Scientific classification
- Kingdom: Animalia
- Phylum: Chordata
- Class: Mammalia
- Infraclass: Marsupialia
- Order: Diprotodontia
- Family: Macropodidae
- Genus: Petrogale
- Species: P. lateralis
- Binomial name: Petrogale lateralis (Gould, 1840)

= Black-flanked rock-wallaby =

- Genus: Petrogale
- Species: lateralis
- Authority: (Gould, 1840)
- Conservation status: VU

Species of marsupial

The black-flanked rock-wallaby (Petrogale lateralis), also known as the black-footed rock-wallaby or warru, is a species of wallaby, one of several rock-wallabies in the genus Petrogale. A shy, nocturnal herbivore, its two main subspecies are found in mostly isolated populations across western and southern Western Australia (WA), the Northern Territory and parts of South Australia (SA). With some subspecies showing a decline in populations in recent years, the whole species is classed as an endangered species under the Commonwealth EPBC Act.

==Taxonomy==
The species, in the genus Petrogale, was first described by John Gould in 1842. Subspecies include:

- Petrogale lateralis lateralis (Gould, 1840), or warru (the Western Desert Aboriginal name)
- Petrogale lateralis centralis Eldridge & Potter, 2020 (MacDonnell Ranges race)
- Petrogale lateralis kimberleyensis Eldridge & Potter, 2020, or wiliji, West Kimberley rock-wallaby (western Kimberley race)
- Petrogale lateralis hacketti Thomas, 1905, or Recherche rock-wallaby on an island in the Recherche Archipelago
- Petrogale lateralis pearsoni Thomas, 1922, or Pearson Island rock-wallaby

The specimens obtained at the MacDonnell Ranges, and from the Western Kimberley, are distinct enough to be separate subspecies of the black-flanked rock-wallaby. These populations, and the recognised subspecies, are distinguished by chromosomal as well as morphological distinctions.

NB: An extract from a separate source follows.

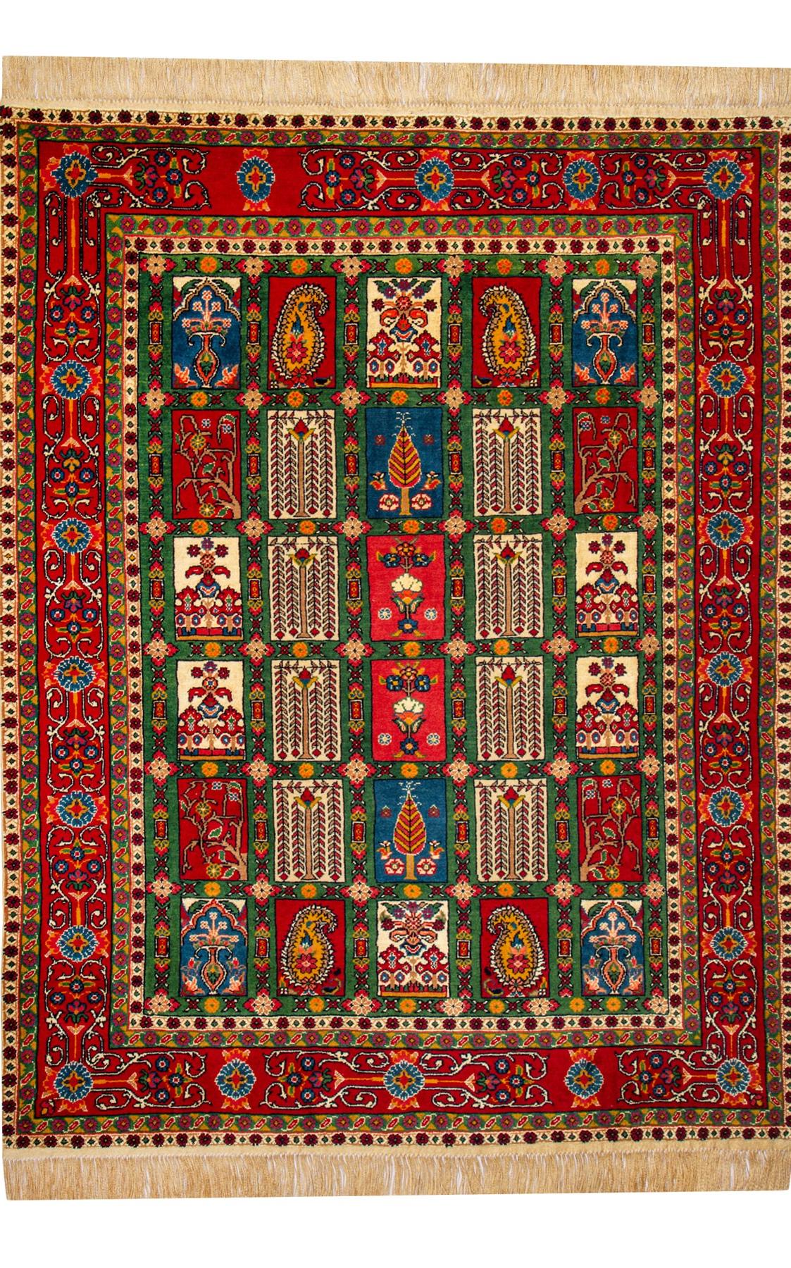 遊牧民スタイルの素朴で温かいデザインに、シルクの上品な輝きをプラスした、ホラーサーン産の手織り絨毯です。この絨毯は、縦糸にシルクを使った「シール縦糸」という作り方をしています。そのため、ウールだけの絨毯よりも、少し軽やかで、しなやかな風合いに仕上がっています。

Petrogale lateralis purpureicollis (purple-necked rock-wallaby) by Le Souef in 1924 is given in some listings, but this is now regarded as a distinct species.

==Description==
The black-flanked rock-wallaby is generally greyish-brown with a paler belly and chest, a dark stripe running from its head down its spine, and it has a dark tail and feet. Colours may vary slightly among subspecies. It has short, thick, woolly fur that is particularly dense around the base of the tail, rump and flanks. Its long tail, useful for balancing in rocky terrain, is tipped with a brush.

Because most of its water comes from its diet, it rarely drinks and can conserve water by taking refuge from the heat in rocky caves.

==Behaviour==
The black-flanked rock-wallaby is a rather shy nocturnal animal, and feeds at night on grasslands that are close to rocky areas for shelter.

It lives in groups of 10–100 individuals, and form lifelong pair bonds, although females will mate with other males. They reach sexual maturity at one to two years old, but breeding cycles respond to seasonal rainfall. The species features embryonic diapause, where the embryo's development enters a state of dormancy until environmental conditions are suitable.

The gestation period lasts around 30 days, and like other young marsupials, the young are poorly developed and suckle inside the mother's pouch until they are ready to leave. Unlike other kangaroos and wallabies, mothers leave their young in a sheltered place while they feed.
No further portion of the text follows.